I'm hoping that this isn't the final level though.  Things are still not as sharp as they were with glasses, plus they take just a little longer to come into focus.  It feels like I have to be closer than before to street signs and license plates, for example, to be able to read them.

I am now working with my computer at the high resolution setting I used pre-surgery.  Need for the artificial tears has fallen off drastically.  I now use them only a couple of times a day, and it's not a strong need.  The eyes do continue to dry out somewhat at night.  I usually wake up one or two times and decide to reach for the drops.  This also continues to get better.

One sort of gross note:  I'm still taking the steroid drops, now three times a day, and I find I can taste them in the back of the throat right afterward.  Makes you think there's a system leak back there somewhere, like radiator coolant finding its way into the fuel lines.  But we are not cars, and tasting eye drops is apparently common and harmless.






Tuesday, March 19, 2013

PRK Journal, Day 14

Tomorrow it will be two weeks since I had PRK surgery to correct my vision.  There has been great improvement in the past week.  Distance vision has improved almost every day and is now near (but not quite at) 20/20 in my distance eye.  There's still a hard to describe lack of sharpness that's not the same thing as acuity.  I don't know if this is a monovision effect or what, but it also gets better every day and isn't really that noticeable now unless I'm looking for it.  On about day eight the road signs finally started becoming legible.  Close up vision isn't quite as good, though also improving.  It tends to start out reasonably good in the morning and degrade somewhat over a day of computer use.  I've been able to bump up the screen resolution and bump down the font size, though it's not yet comfortable at the full resolution I had before.  But I can work without any major issues now.  I have much less need for the artificial tears--maybe 4 or 5 times a day I feel the need compared to 30 or more times a day last week.  Also I'm definitely reading with my left eye, as planned.

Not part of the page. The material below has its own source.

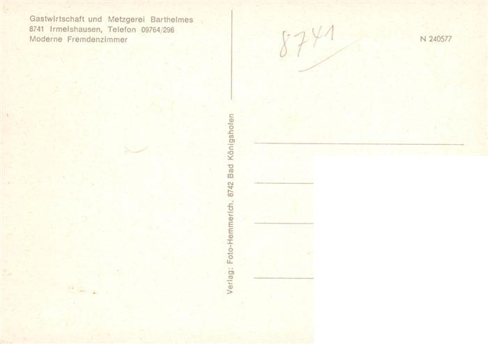 73893502 Irmelshausen Gastwirtschaft Metzgerei Barthelmes Gaststube Zimmer Panorama postalisch nicht gelaufen Erhaltung siehe scans [WerneD78] KatCode: 11110009673134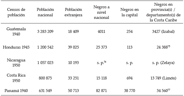 Entre otras cosas, mediante la Tabla 2 interesa destacar, en primer lugar, cómo la cantidad de negros a nivel nacional llega a alcanzar siquiera el 10 % de la población nacional, a excepción de Panamá, a propósito del ferrocarril, primero, y del Canal, después. En segundo lugar, la cantidad de extranjeros siempre supera a la de negros a nivel nacional, a excepción nuevamente de Panamá; lo cual también representa un dato significativo con relación a la cantidad de afrocentroamericanos inscritos en las diferentes nacionalidades; si se contrasta con el resto de los demás extranjeros en cada país. En tercer lugar, otra vez a excepción de Panamá y a diferencia de lo señalado en la prensa escrita de la época, la cantidad de negros presentes en la capital de los distintos países era realmente ínfima. Por último, Panamá vuelve a ser la excepción, pero para todos los demás, se evidencia que la mayor cantidad de negros en cada país, se encontraban ubicados en las provincias o departamentos de la costa Caribe centroamericana.

Overall I'm feeling much more encouraged than I was a week ago.  Other reports I've read have people still not experiencing good vision even after three or four weeks.  I think doing a quantitative test every day has been helpful.  It's really hard to decide how well you're seeing just using words.  And when your vision changes every day it's hard to remember exactly how it was a day, two days, three days ago.  The target test has forced me to see that there's been consistent improvement, even if slight. Seeing a target from five inches farther away than yesterday isn't a big difference, but cumulative improvements do add up.

The acuity graph shown is an estimate, based on an assumption that my daughter's contact-corrected vision is 20/20.  She can see the target at 12.5 feet.  I'm now at about 11 feet.  The graphs should be taken as having error bars on the order of a foot or so, since it's hard to exactly pinpoint where the target comes in to clear view.  Also I've been taking the measurement first thing in the morning, when things seem to be at their clearest.  I've been losing 6-12 inches by the end of the day, only to regain that loss and more after a night of sleep.  Hopefully that daily regression will stop as things settle in.

The graphs show what I reported earlier: with surgery on Wednesday, vision on Friday and especially Saturday went south very quickly, rebounding after that.  Days 6 to 9 showed a lull, with steady improvement thereafter.

I've had no issues with night driving, in contrast to some.  No halos.  Bright sunshine is still a little too intense without sunglasses, which I'm supposed to wear for a summer anyway for healing purposes.




Wednesday, March 13, 2013

PRK Journal, Day 7

A bit of a frustrating day working on the computer.  It was hard to read, though I managed.  I've read others reports from the 1-3 week range saying that the artificial tears gave a brief improvement in vision, and I've found the same.  I get one or two noticeably clearer minutes.  As a result I'm plowing through the tears at quite a rate, probably every twenty minutes while I'm at the computer.  Which the doc told me is just fine, in fact it helps the healing.  I'm using the rest of my preservative-free drops first.  They're fairly expensive but I'm happy to pay a few dollars for any acceleration of the timeline.  I've also got a bunch of cheaper drops with preservatives which I haven't tried yet.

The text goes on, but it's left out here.